Amazon Shield Advanced capabilities and options - Amazon WAF, Amazon Firewall Manager, and Amazon Shield Advanced
Services or capabilities described in Amazon Web Services documentation might vary by Region. To see the differences applicable to the China Regions, see Getting Started with Amazon Web Services in China (PDF).

Amazon Shield Advanced capabilities and options

Amazon Shield Advanced subscription includes the following capabilities and options. These supplement the DDoS detection and mitigation capabilities that you already receive with Amazon.

  • Amazon WAF integration – Shield Advanced uses Amazon WAF web ACLs, rules, and rule groups as part of its application layer protections. For more information about Amazon WAF, see How Amazon WAF works.


    Your Shield Advanced subscription covers the costs of using standard Amazon WAF capabilities for resources that you protect with Shield Advanced. The standard Amazon WAF fees that are covered by your Shield Advanced protections are the cost per web ACL, the cost per rule, and the base price per million requests for web request inspection, up to 1,500 WCUs and up to the default body size.

    Enabling Shield Advanced automatic application layer DDoS mitigation adds a rule group to your web ACL that uses 150 web ACL capacity units (WCUs). These WCUs count against the WCU usage in your web ACL. For more information, see Shield Advanced automatic application layer DDoS mitigation, The Shield Advanced rule group, and Amazon WAF web ACL capacity units (WCUs).

    Your subscription to Shield Advanced does not cover the use of Amazon WAF for resources that you do not protect using Shield Advanced. It also does not cover any additional non-standard Amazon WAF costs for protected resources. Examples of non-standard Amazon WAF costs are those for Bot Control, for the CAPTCHA rule action, for web ACLs that use more than 1,500 WCUs, and for inspecting the request body beyond the default body size. The full list is provided on the Amazon WAF pricing page.
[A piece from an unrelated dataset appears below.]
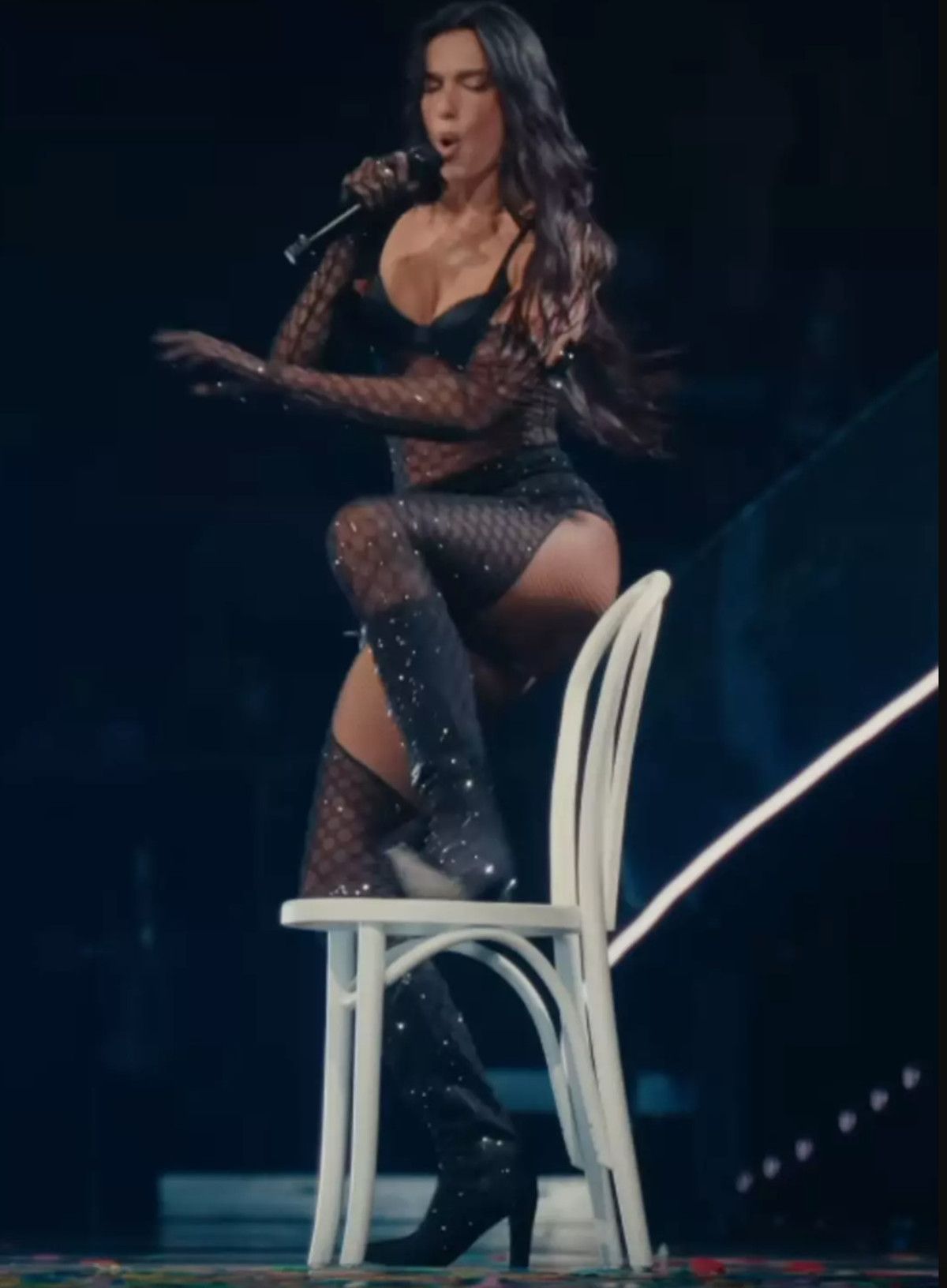 İlk sahneye çıkışında file çoraplar, askılı aksesuarlar ve siyah topuklu çizmelerle dikkat çeken Dua, fit vücudunu öne çıkaran siyah büstiyer ve mini şort kombinini file eldivenlerle tamamladı.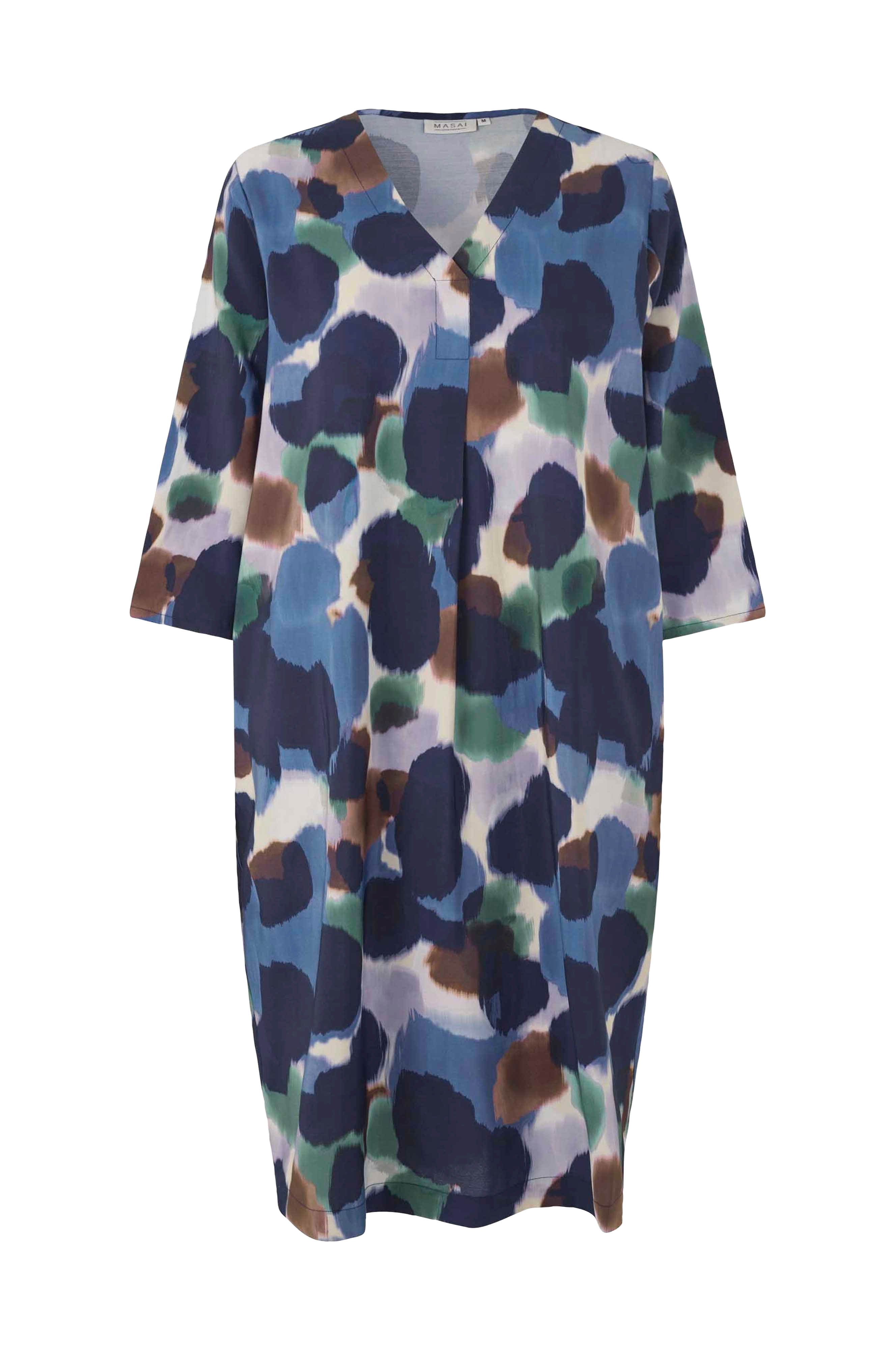 • Mønstret kjole• V-formet halsudskæring• 3/4 lange ærmer• Sidelommer• Fold bagpå• Længde: 100 cm i størrelse S

    For full information and pricing examples, see Shield Pricing and Amazon WAF Pricing.

  • Automatic application layer DDoS mitigation – You can configure Shield Advanced to respond automatically to mitigate application layer (layer 7) attacks against your protected resources. With automatic mitigation, Shield Advanced enforces Amazon WAF rate limiting on requests from known DDoS sources, and it automatically adds and manages custom Amazon WAF protections in response to detected DDoS attacks. You can configure automatic mitigation to count or block the web requests that are part of an attack.

    For more information, see Shield Advanced automatic application layer DDoS mitigation.

  • Health-based detection – You can use Amazon Route 53 health checks with Shield Advanced to inform event detection and mitigation. Health checks monitor your application according to your specifications, reporting healthy when your specifications are met and unhealthy when they aren't. Using health checks with Shield Advanced helps prevent false positives and provides faster detection and mitigation when a protected resource is unhealthy. You can use health-based detection for any resource type except Route 53 hosted zones. Shield Advanced proactive engagement is available only for resources that have health-based detection enabled.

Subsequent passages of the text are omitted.